Mailing List Archive

SQL Injection Vulnerability?
Fellow Bricoleurs,

Google Alerts notified me of this page yesterday:

http://packetstormsecurity.org/files/113840/bricolagecms-sqlxss.txt

We should not have any SQL injection vulnerabilities, because all of our code *should* be using placeholders. Can anyone confirm? (I'm not equipped to load it up and test right now.)

Thanks,

David
Re: SQL Injection Vulnerability? [ In reply to ]
Hi David,

Hmm, the demo:

> DEMO:
> A)Persistent XSS
> 1. http://localhost/admin/profile/output_channel/
> DEMO: http://demo.bricolagecms.org/admin/profile/output_channel/
> In 'Name' and 'Description' field,
> POST DATA= "'-->><script>alert(0)</script>
>
> 2. http://localhost/admin/profile/source/
> DEMO: http://demo.bricolagecms.org/admin/profile/source/
> In 'Source Name' and 'description' field,
> POST DATA= "'-->><script>alert(0)</script>
>
> B)SQL error pages on reflected XSS/malicious char(Info Disclosure)
> 1. http://localhost/admin/profile/element_type/
> Demo: http://demo.bricolagecms.org/admin/profile/element_type/
> In 'Source Name' and 'description' field,
> POST DATA= "'-->><script>alert(0)</script>


looks like cross site scripting (i.e. entering html into fields, output
is not escaped when displayed).

No info that I can see on actual sql injection.

Cheers,

Alex
Re: SQL Injection Vulnerability? [ In reply to ]
On Jun 20, 2012, at 6:56 PM, Alex Krohn wrote:

>> B)SQL error pages on reflected XSS/malicious char(Info Disclosure)
>> 1. http://localhost/admin/profile/element_type/
>> Demo: http://demo.bricolagecms.org/admin/profile/element_type/
>> In 'Source Name' and 'description' field,
>> POST DATA= "'-->><script>alert(0)</script>
>
>
> looks like cross site scripting (i.e. entering html into fields, output
> is not escaped when displayed).
>
> No info that I can see on actual sql injection.

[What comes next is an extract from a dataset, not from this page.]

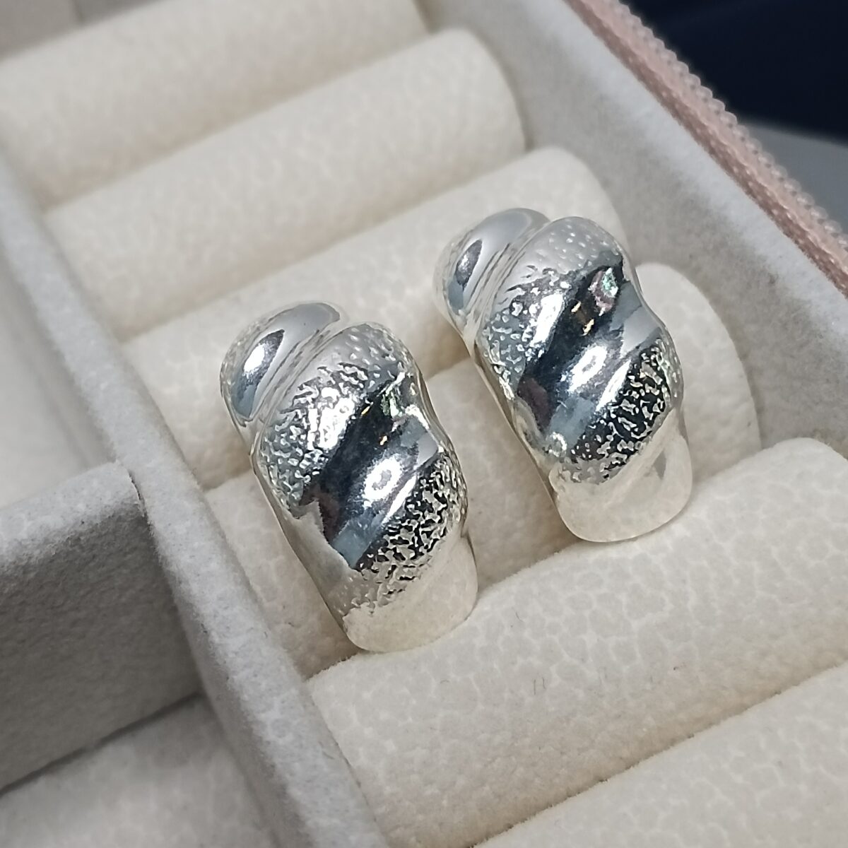 Brinco De Prata Meia Argola Larga Trabalhada K237/54

Well that's confusing. Do we have an XSS vulnerability? And if we do, does it really matter?

David
Re: SQL Injection Vulnerability? [ In reply to ]
> >> B)SQL error pages on reflected XSS/malicious char(Info Disclosure)
> >> 1. http://localhost/admin/profile/element_type/
> >> Demo: http://demo.bricolagecms.org/admin/profile/element_type/
> >> In 'Source Name' and 'description' field,
> >> POST DATA= "'-->><script>alert(0)</script>
> >
> >
> > looks like cross site scripting (i.e. entering html into fields, output
> > is not escaped when displayed).
> >
> > No info that I can see on actual sql injection.
>
> Well that's confusing. Do we have an XSS vulnerability? And if we do, does it really matter?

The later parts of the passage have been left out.